On July 5, 1995, Husebye arrived at the Secretary of State’s office shortly before 5 p.m. and submitted 344 petitions. The parties dispute whether Husebye advised Jaeger that additional petitions were on the way, and whether Jaeger told Husebye that no petitions would be accepted after 5 p.m. It is undisputed, however, that Jaeger closed the outer office door at 5 p.m. Husebye asserts that, because Jaeger had advised him that no additional petitions would be accepted, he did not contact others who were waiting for his phone call and directions to deliver the additional petitions.

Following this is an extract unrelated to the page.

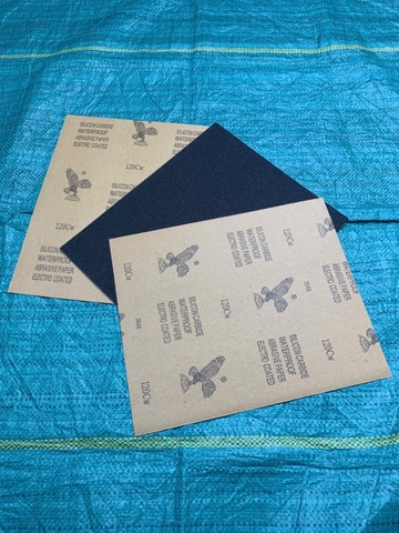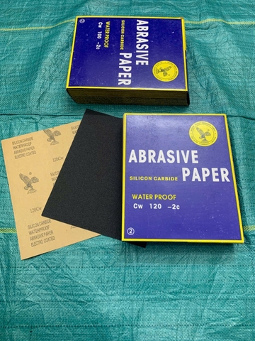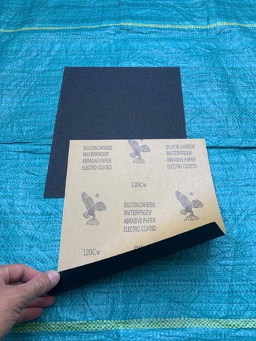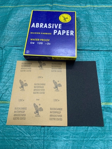Giấy giáp chịu nước, độ nhám P120, hãng Đại Bàng, kích thước 9''x11'' màu xám, sản phẩm được sản xuất tại nhà máy tại Hàn Quốc. Với chất lượng hạt cát Silicon Carbide có độ bền cao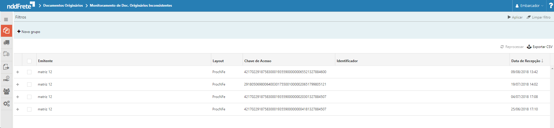 Através da tela de documentos inconsistentes, o usuário pode acompanhar o documento que não teve seu processo realizado com sucesso. Nela somente serão apresentados os documentos que possuem alguma inconsistência e podem ser reprocessados manualmente, sem ter a necessidade de o ERP realizar uma nova chamada.

After leaving the Secretary of State’s office, Husebye contacted legal counsel and was advised to attempt further deliveries of the additional petitions that evening. At approximately 7:30 p.m., Husebye telephoned Jaeger at his home and asked if Jaeger would accept additional petitions. Jaeger responded that he would not. At approximately 10:45 p.m., Husebye attempted to deliver the additional petitions to personnel on duty at the State Capitol. He was denied entry to the building by security personnel. Finally, at approximately 11:30 p.m., Husebye mailed the remaining petitions to the Secretary of State’s office by certified mail. The package was postmarked July 5, 1995, and was received by the Secretary of State’s office on July 6, 1995. Deeming the submission untimely, Jaeger returned the unopened package of petitions to Husebye, and Husebye gave the package to his attorney for safekeeping.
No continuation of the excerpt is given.